#### WHAT THIS TASK INVOLVES
Copy word for word the lines from the start of the records through the line that contains "This wiring harness", both included.

################

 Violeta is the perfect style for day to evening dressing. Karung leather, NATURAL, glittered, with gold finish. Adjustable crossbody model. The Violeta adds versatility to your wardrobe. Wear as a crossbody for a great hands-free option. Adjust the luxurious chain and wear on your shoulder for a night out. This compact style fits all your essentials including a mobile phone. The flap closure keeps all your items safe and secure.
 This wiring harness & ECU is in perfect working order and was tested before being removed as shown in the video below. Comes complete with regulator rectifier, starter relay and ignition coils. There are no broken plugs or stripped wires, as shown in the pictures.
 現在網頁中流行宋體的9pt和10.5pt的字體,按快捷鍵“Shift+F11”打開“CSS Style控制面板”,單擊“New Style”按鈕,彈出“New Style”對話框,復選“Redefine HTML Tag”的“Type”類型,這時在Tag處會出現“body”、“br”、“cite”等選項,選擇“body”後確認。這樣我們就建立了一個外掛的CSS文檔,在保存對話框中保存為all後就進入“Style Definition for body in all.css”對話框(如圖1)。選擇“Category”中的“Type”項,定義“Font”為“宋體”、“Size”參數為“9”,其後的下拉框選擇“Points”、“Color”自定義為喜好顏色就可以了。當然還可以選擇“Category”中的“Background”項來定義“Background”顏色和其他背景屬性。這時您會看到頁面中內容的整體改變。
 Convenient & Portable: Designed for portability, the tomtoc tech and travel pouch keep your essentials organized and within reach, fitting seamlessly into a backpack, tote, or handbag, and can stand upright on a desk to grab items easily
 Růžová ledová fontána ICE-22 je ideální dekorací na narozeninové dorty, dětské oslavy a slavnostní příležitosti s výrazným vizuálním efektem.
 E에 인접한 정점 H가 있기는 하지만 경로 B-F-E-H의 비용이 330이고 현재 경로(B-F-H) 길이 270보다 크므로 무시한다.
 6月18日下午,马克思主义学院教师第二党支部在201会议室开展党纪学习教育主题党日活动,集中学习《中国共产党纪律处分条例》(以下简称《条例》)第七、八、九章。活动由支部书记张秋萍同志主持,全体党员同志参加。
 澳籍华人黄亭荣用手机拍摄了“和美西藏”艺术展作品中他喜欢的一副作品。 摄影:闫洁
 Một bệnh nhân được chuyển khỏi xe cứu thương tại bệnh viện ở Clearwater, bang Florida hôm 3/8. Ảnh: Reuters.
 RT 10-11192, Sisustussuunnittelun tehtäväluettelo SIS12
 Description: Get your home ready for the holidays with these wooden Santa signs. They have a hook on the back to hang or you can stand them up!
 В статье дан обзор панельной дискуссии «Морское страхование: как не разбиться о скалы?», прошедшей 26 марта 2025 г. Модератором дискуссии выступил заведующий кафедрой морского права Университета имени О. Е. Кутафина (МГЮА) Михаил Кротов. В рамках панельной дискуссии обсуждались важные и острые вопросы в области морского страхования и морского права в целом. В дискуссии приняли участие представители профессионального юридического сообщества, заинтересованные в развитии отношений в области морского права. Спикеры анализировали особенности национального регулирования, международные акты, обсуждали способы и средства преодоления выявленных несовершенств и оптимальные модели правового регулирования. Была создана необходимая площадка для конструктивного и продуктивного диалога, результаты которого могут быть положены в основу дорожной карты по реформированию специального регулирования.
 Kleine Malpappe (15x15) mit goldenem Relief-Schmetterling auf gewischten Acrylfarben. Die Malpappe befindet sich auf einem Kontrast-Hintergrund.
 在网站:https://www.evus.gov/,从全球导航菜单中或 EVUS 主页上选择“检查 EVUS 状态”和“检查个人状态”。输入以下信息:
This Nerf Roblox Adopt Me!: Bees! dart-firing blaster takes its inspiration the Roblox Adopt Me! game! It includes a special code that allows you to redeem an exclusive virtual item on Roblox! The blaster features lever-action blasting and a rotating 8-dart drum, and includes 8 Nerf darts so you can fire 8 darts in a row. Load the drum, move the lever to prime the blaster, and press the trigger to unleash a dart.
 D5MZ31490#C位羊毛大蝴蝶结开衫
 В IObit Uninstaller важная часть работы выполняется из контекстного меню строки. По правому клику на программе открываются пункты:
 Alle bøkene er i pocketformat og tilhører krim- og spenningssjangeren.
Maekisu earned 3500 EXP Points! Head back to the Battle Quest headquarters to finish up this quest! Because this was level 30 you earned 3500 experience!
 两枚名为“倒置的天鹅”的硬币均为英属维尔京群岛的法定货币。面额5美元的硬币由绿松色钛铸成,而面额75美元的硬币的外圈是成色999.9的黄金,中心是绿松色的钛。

################

#### WORKED SOLUTION
 Violeta is the perfect style for day to evening dressing. Karung leather, NATURAL, glittered, with gold finish. Adjustable crossbody model. The Violeta adds versatility to your wardrobe. Wear as a crossbody for a great hands-free option. Adjust the luxurious chain and wear on your shoulder for a night out. This compact style fits all your essentials including a mobile phone. The flap closure keeps all your items safe and secure.
 This wiring harness & ECU is in perfect working order and was tested before being removed as shown in the video below. Comes complete with regulator rectifier, starter relay and ignition coils. There are no broken plugs or stripped wires, as shown in the pictures.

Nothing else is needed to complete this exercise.